Besluit van de Raad van 26 mei 2014 betreffende het stelsel van eigen middelen van de Europese Unie (2014/335/EU, Euratom), Brussel, 26-05-2014

[Regeling vervallen per 01-01-2021.]
Geraadpleegd op 29-03-2024.
Geldend van 01-10-2016 t/m 31-12-2020

Besluit van de Raad van 26 mei 2014 betreffende het stelsel van eigen middelen van de Europese Unie (2014/335/EU, Euratom)

Authentiek : NL

Besluit van de Raad van 26 mei 2014 betreffende het stelsel van eigen middelen van de Europese Unie (2014/335/EU, Euratom)
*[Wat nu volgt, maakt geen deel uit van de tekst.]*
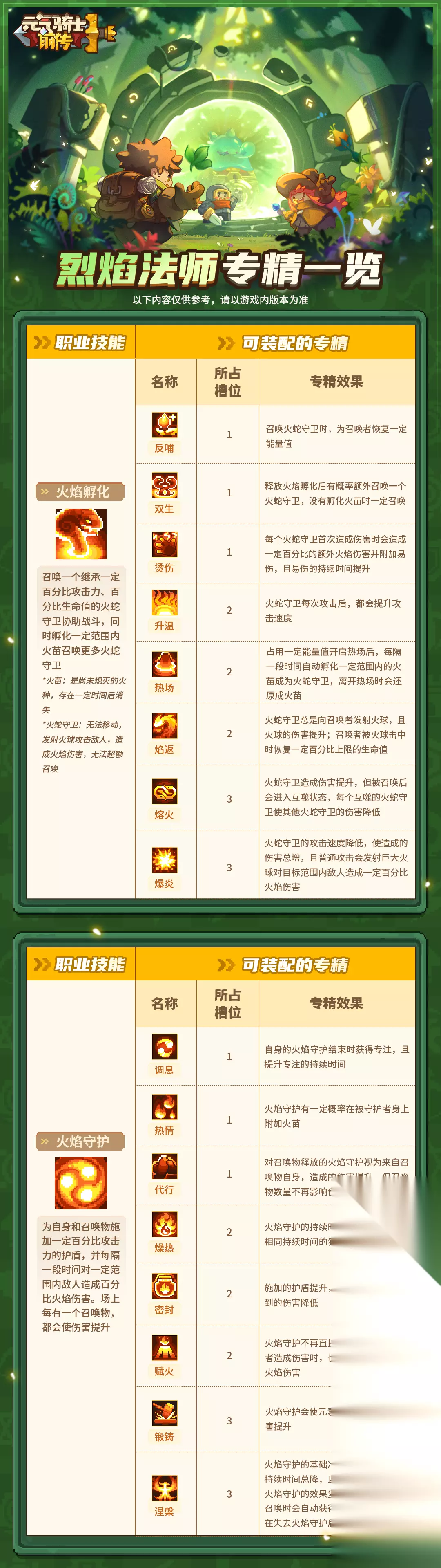 烈焰法师、风暴守卫的专精详情可查看下方长图~ 一、烈焰法师 烈焰法师的【聚灵术】专精详情可见“德鲁伊职业专精一览”长图,【火焰转移】专精详情可见“火焰骑士职业专精一览”长图。

[Regeling vervallen per 01-01-2021]

De Raad van de Europese Unie,

Gezien het Verdrag betreffende de werking van de Europese Unie, en met name artikel 311, derde alinea,

Gezien het Verdrag tot oprichting van de Europese Gemeenschap voor Atoomenergie, en met name artikel 106 bis,

Gezien het voorstel van de Europese Commissie,

Na toezending van het ontwerp van wetgevingshandeling aan de nationale parlementen,

Gezien het advies van het Europees Parlement,

Handelend volgens een bijzondere wetgevingsprocedure,

Overwegende hetgeen volgt:

  • 1. Het stelsel van eigen middelen van de Unie moet de zekerheid bieden dat de middelen toereikend zijn voor een geordende ontwikkeling van het beleid van de Unie, zonder dat daarbij de noodzaak van een strakke begrotingsdiscipline uit het oog wordt verloren. De ontwikkeling van het stelsel van eigen middelen kan en moet tevens bijdragen tot intensievere inspanningen met het oog op begrotingsconsolidatie in de lidstaten en in zo groot mogelijke mate bijdragen tot de ontwikkeling van beleidsinitiatieven van de Unie.

  • 2. Dit besluit moet pas in werking treden na door alle lidstaten overeenkomstig hun onderscheiden grondwettelijke bepalingen te zijn goedgekeurd; de nationale soevereiniteit wordt hierbij derhalve ten volle in acht genomen.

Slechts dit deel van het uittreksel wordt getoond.